MANILA - The Philippine Institute for Development Studies (PIDS) on Thursday urged the government to strengthen its policies and infrastructure to boost internet access across the country, describing it as still lacking.
PIDS senior research fellow Jose Ramon Albert said the government's free wifi program "is still very, very, very, very far from achieving its goal" of providing free internet access nationwide.
Citing the 2019 National Information and Communications Technology (ICT) Household Survey, Albert said “some communities especially in BARMM have low access to telecom towers, fiber optic cable and free wifi.”
The poll was conducted before the COVID-19 pandemic, he noted.
Urban barangays, he said, have 61 percent of telecom towers, three times higher than rural barangays' 19 percent. Meanwhile, 95 percent of telecom towers are “privately-owned”.
Those barangays without towers may have access to cell signals but they vary: 61 percent of them get 4G signal, with higher concentration in urban barangays at 83 percent, while it is at 44 percent in rural areas.
“Meanwhile 3G is still prevalent in rural areas. Only 12 percent of all barangays have access to free wi-fi,” Albert said.
“Although fiber offers the highest bandwidth and reliability, it is very expensive to deploy in areas with low population density."
Albert also said there is still “digital divide” even in cities, as 8 percent of barangays in Metro Manila do not have Internet Service Providers (ISPs).

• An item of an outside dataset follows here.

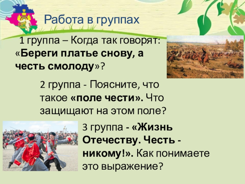 2 группа - Поясните, что такое «поле чести». Что защищают на этом поле?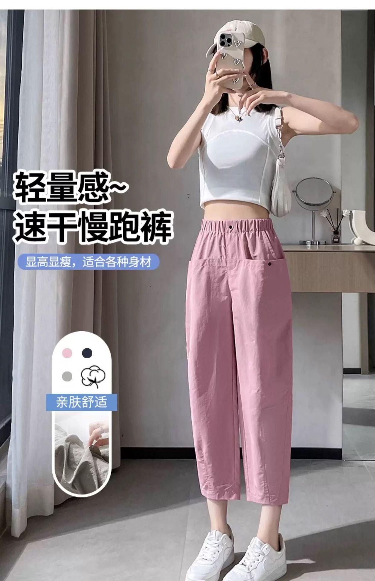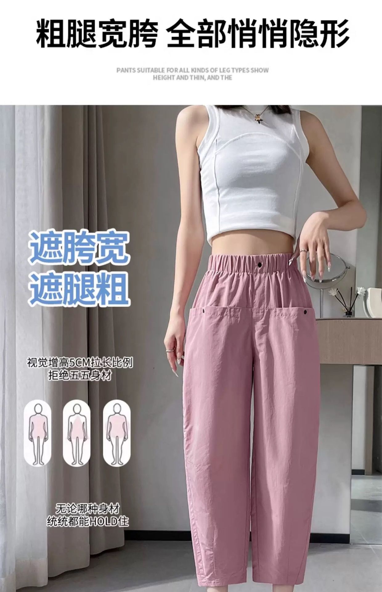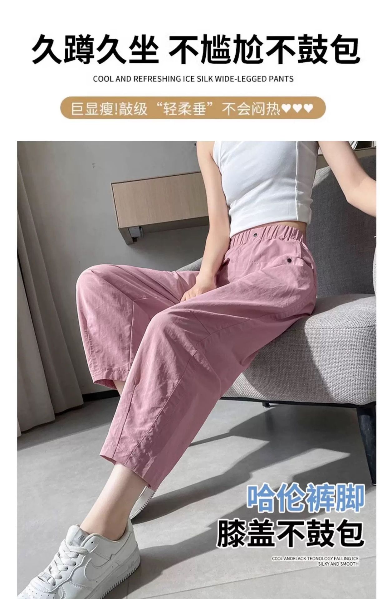 女性用速乾9点パンツ2025夏薄手スリム万能小足ハーレムパンツハイウエストゆったりカジュアルパンツ

Meanwhile, the top reasons why some households do not have internet are the following:
- high cost of internet subscription
- high cost of equipment
- non-availability of internet connection in the area
“Nine out of 10 Filipinos have access to television which shows TV is still going to be king especially for the campaign (for the upcoming elections),” said Albert.

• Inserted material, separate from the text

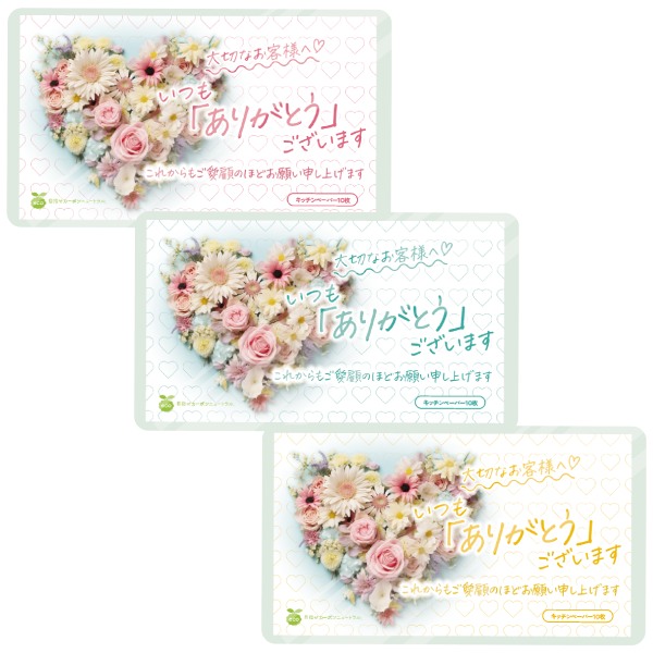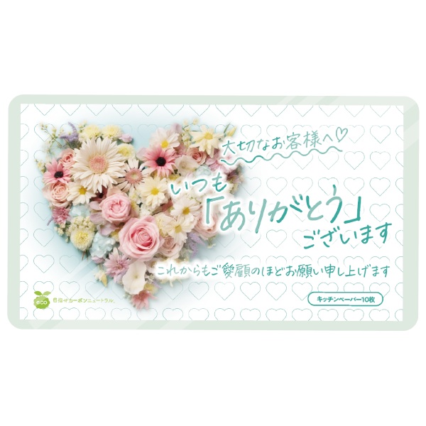 品番:123021 ありがとうキッチンペーパー10枚 ハートのブーケ(ポリタイプ)

He believes many government policies are “pre-digital” and should be updated.
“The key policy trust on ICT development thus should be on improving coverage and quality of connectivity and I hope this becomes a campaign issue,” Albert said.
“We should be working on improving digital literary skills. The DICT can partner with other government agencies and private sector to spread much more information about the importance of digitalization, the internet, ICT and all these technologies, cybersecurity.”
“Filipinos should also get engaged not just on social media but also in e-commerce and digital finance,” he added.
The government can “create programs” that can “re-skill the population, train older people on use of ICT, and improve awareness of its usefulness," he said.
It can “address bottlenecks” since this will "further engage greater ICT-usage.”
“The connectivity problems of the country is mainly caused by our analog-era policies and laws. Government investments in digital infrastructure must target network segments in areas where the market fails to deliver," said Albert.
"The government must also consider investing in areas where the private sector has difficulty competing and making a profit. However, the most critical role of the government is to introduce and enforce polices to address the accessibility, affordability and quality internet."
According to a Google report last month, digital transformation in the Philippines could generate as much as P5 trillion in annual economic value by 2030 as technology helps businesses shift online and grow during the pandemic.
In 2020, the Internet economy in the Philippines was estimated to be worth $7.5 billion, economists from AlphaBeta said.
This is expected to grow 30 percent annually to $28 billion by 2025, said AlphaBeta Founder and managing director Fraser Thompson.
This can be owed to the country’s young and tech-savvy population, Thompson said.